Sky Ross, 25, remembers how that felt as she attended UCLA. “Whenever there’s a break or a holiday, everyone looking forward to spring break, summer vacation, and Christmas — ‘Oh, I can’t wait to see my family.’ But you might not have a family you want to see,” she said.

What Will Progress Look Like?

Until a decade ago, most youth in care aged out of the system at 18, making college an experience that foster care systems didn’t often grapple with. Instead, systems focused on more stable homes and child safety rather than moving a youth in care toward college and independence.

In addition, such young people’s academic struggles and experiences with substance use, trauma and involvement in the juvenile justice system often throw up barriers that can make college applications and campus life daunting.

Over the past decade or so, foster care has been extended until age 21 in at least 25 states and the District of Columbia, thanks partly to an extension of federal reimbursable foster care money from the Fostering Connections to Success and Increasing Adoptions Act of 2008, according to the National Conference of State Legislatures.

The move to extend foster care beyond age 18 stemmed partly from a telling 2002 analysis out of the University of Chicago’s Chapin Hall that compared Wisconsin and Iowa, where foster care ended at 18, with Illinois, where youth have long been allowed to extend care to age 21. Youth in Illinois who were formerly in foster care were twice as likely to have attended college at all by 21 as youth in Wisconsin and Iowa, and twice as likely to have completed a full year of college.

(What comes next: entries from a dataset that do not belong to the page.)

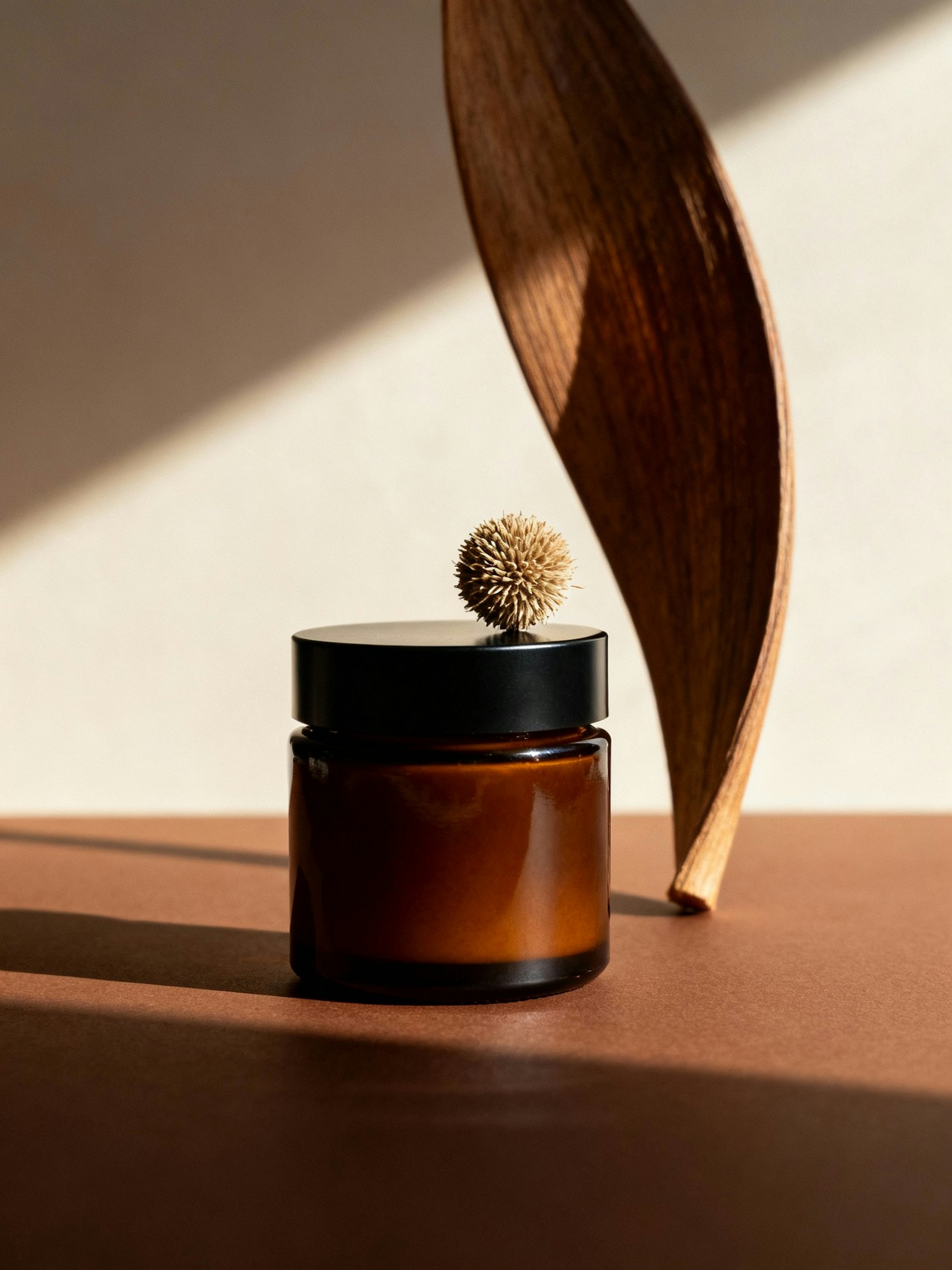 Studio product photography in a refined, sculptural, and organic art direction — matte amber glass packaging with a black lid, minimalist and label-free, placed against a warm brown studio background. The lighting is soft, directional, and diffused from one side, creating gentle shadows and a natural sense of depth. The overall atmosphere is earthy and calm, with warm tones, tactile textures, and a poetic balance between raw materials and crafted elegance. Style inspired by high-end skincare campaigns — natural sophistication, sensory minimalism, and sculptural composition. A minimal still life with a single amber jar on a flat brown surface, a sphere of dried seed resting on its lid, and a curved wooden piece in the background. The composition feels perfectly balanced, evoking serenity and quiet luxury.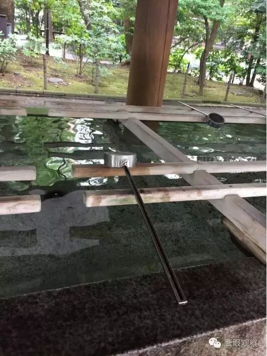 ▲神社和寺庙门口都有水池,参拜前要先舀水漱口净手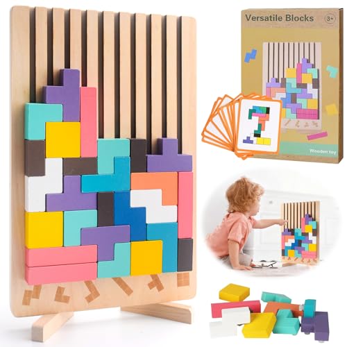 JONEG Toys for Kids 3-8 Year Old: Wooden Tetris Puzzle 3D Montessori Stacking Toy, Gifts for 3 4 5 6 7 8 9 10 Year Old Boys Girls Presents, Russian Blocks Tetris Game Educational Toys for Kids Adults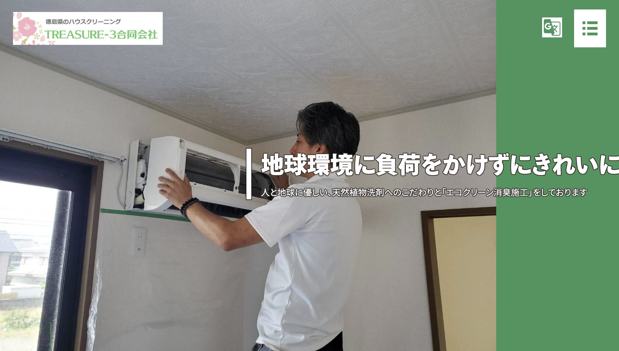 TREASURE-3は、住宅のトータルメンテナンスを手がける専門知識を活かしたエアコンクリーニングを提供しています。最大の独自性は、洗浄に使用する薬剤の選定にあり、高い安全性と洗浄力を両立させた天然酵素洗剤などを積極的に導入しています。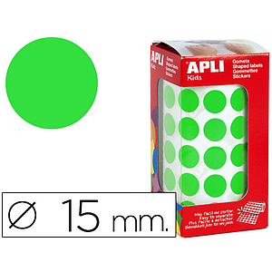 APLI - GOMETS AUTOADHESIVOS CIRCULARES 15 MM VERDE EN ROLLO CON 2832 UNIDADES (Ref.4858)

Some states have invested time and resources into data systems that track youth in care at every grade of public school and through college. Others are hiring liaisons who interact with overburdened teachers and social workers to help create learning networks.

Still, good intentions and digital bells and whistles mean little unless enrollment and graduate rates rise, Traiman, of the National Center for Youth Law warns. “Until we’re talking to teachers and students and seeing outcomes change, it’s not progress,” she said.

For the Youth Today stories, we will report from different regions, relying on foster youth to tell us what works and what they need to further succeed. Foster youth will help us focus this series and tell us what works. We want to understand where youth in care are making strides in education — and we’ll tell the stories through the lens of young people themselves, who will help us focus this series on what really matters.

Editor’s note: This story was produced through a partnership between Spotlight and Youth Today at the Center for Sustainable Journalism. Over the next 12 months, Youth Today reporters will examine what is working and why in providing more higher education opportunities to foster care youth.